Led by Dr Nikki Shure, the project will look at how overconfidence drives gender inequality in the school-to-work transition and early career labour market outcomes.
Using UK longitudinal data from the UCL Centre for Longitudinal Studies, Dr Shure will explore occupational aspirations, university plans and early career outcomes and wages across three British cohorts: the British Cohort Study (BCS70), Next Steps, and the Millennium Cohort Study (MCS).
Through using these different cohort studies, the researchers will be able to document how the importance of overconfidence, ambition, and risk taking in explaining gender inequality has changed across three recent generations.
They also aim to disentangle the role of nature versus nurture in risk taking as a driver of gender inequality.
Dr Shure said: “Recent figures show that progress on eliminating the gender wage gap has been stagnant. At the same time, a range of studies has shown that men are more likely than women to overclaim knowledge or expertise, believe in their own abilities, demonstrate ambition, and take risks.
“This project will bring the key concepts of overconfidence, ambition, and risk taking, identified by psychologists and human resources (HR) professionals as important, into the analysis of gender gaps in occupational, university, and early career labour market outcomes.
“It will also attempt to separate the socialisation of boys and girls from inherited traits through the use of polygenic risk scores on risk tolerance and early measures of the other socio-emotional characteristics using longitudinal data.”

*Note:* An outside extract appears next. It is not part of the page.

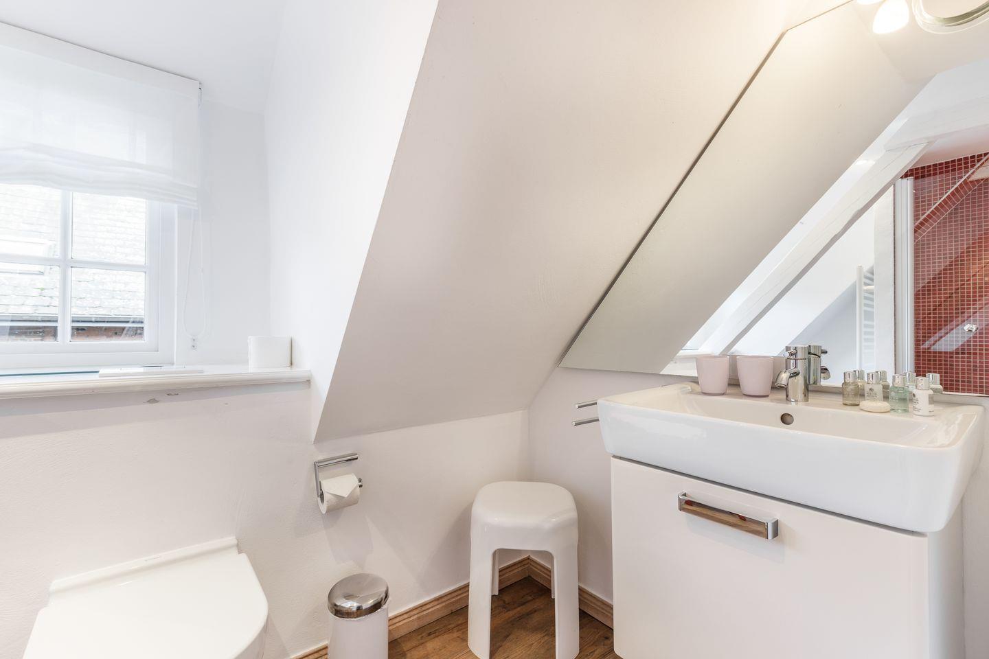 Im Erdgeschoss des Hauses befinden sich die separate Küche, ein Duschbad und der Wohnbereich. Original "Delfter Fliesen" geben dem gemütlichen Wohnraum seinen besonderen Charme. Im 1. OG befinden sich die zwei Schlafzimmer und ein weiteres modernes Duschbad. Der Garten lädt zum Verweilen ein.

‘Overconfidence, ambition, and risk taking and gender inequality in the school-to-work transition and early career labour market outcomes’ will begin on 1 January 2021 and run until September 2023.
Links
- View Dr Nikki Shure’s research profile
- Quantitative Social Science
- UCL Social Research Institute
- Overconfidence, ambition, and risk taking and gender inequality in the school-to-work transition and early career labour market outcomes
Image
Photographer credit: Sam Johnson. Len Collin. Panel 2a: Global Revisions via Flickr (CC BY 2.0)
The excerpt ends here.